- [Record set]
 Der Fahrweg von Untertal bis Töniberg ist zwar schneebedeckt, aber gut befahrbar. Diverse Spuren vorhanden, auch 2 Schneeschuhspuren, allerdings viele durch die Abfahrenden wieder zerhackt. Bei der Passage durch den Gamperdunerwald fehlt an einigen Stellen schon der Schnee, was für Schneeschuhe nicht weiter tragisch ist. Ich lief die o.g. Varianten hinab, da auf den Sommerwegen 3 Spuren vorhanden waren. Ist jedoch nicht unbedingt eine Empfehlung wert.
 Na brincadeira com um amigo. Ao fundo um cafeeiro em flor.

--

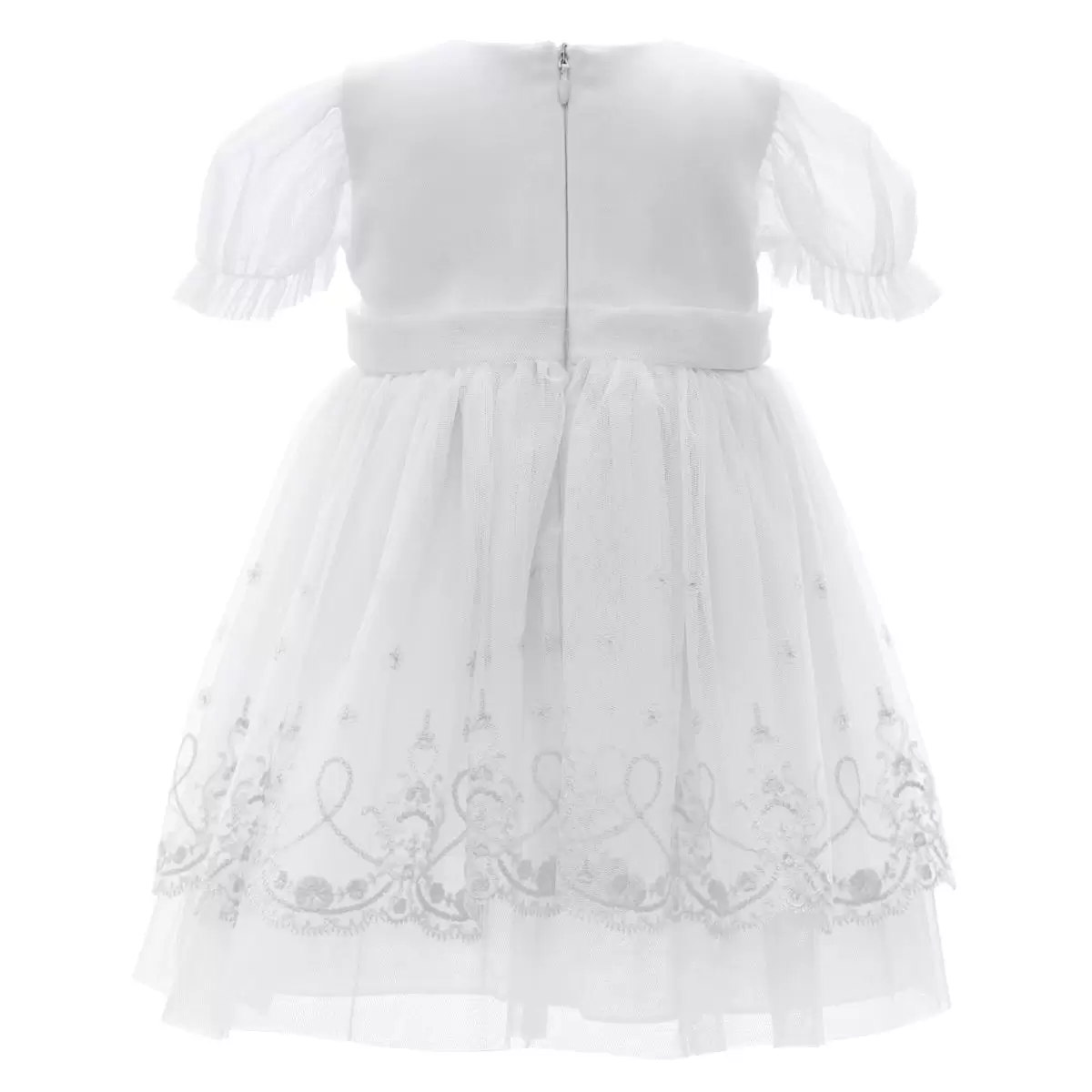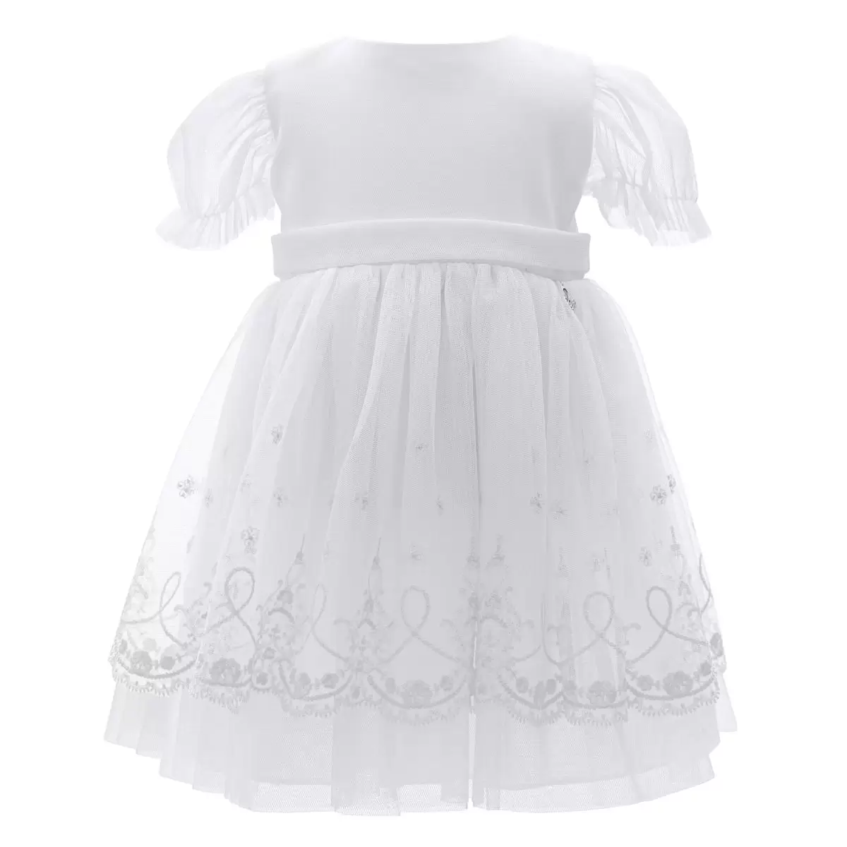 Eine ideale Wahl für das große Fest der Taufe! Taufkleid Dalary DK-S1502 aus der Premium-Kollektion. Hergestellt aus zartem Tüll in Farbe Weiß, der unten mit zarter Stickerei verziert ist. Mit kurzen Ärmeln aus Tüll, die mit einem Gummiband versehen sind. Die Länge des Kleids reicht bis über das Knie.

- [What needs to be done]
Retype exactly the span of lines from the one with "Der Fahrweg von" through the one with "Na brincadeira com"; include both ends and omit the rest of the material.

- [Exercise response]
 Der Fahrweg von Untertal bis Töniberg ist zwar schneebedeckt, aber gut befahrbar. Diverse Spuren vorhanden, auch 2 Schneeschuhspuren, allerdings viele durch die Abfahrenden wieder zerhackt. Bei der Passage durch den Gamperdunerwald fehlt an einigen Stellen schon der Schnee, was für Schneeschuhe nicht weiter tragisch ist. Ich lief die o.g. Varianten hinab, da auf den Sommerwegen 3 Spuren vorhanden waren. Ist jedoch nicht unbedingt eine Empfehlung wert.
 Na brincadeira com um amigo. Ao fundo um cafeeiro em flor.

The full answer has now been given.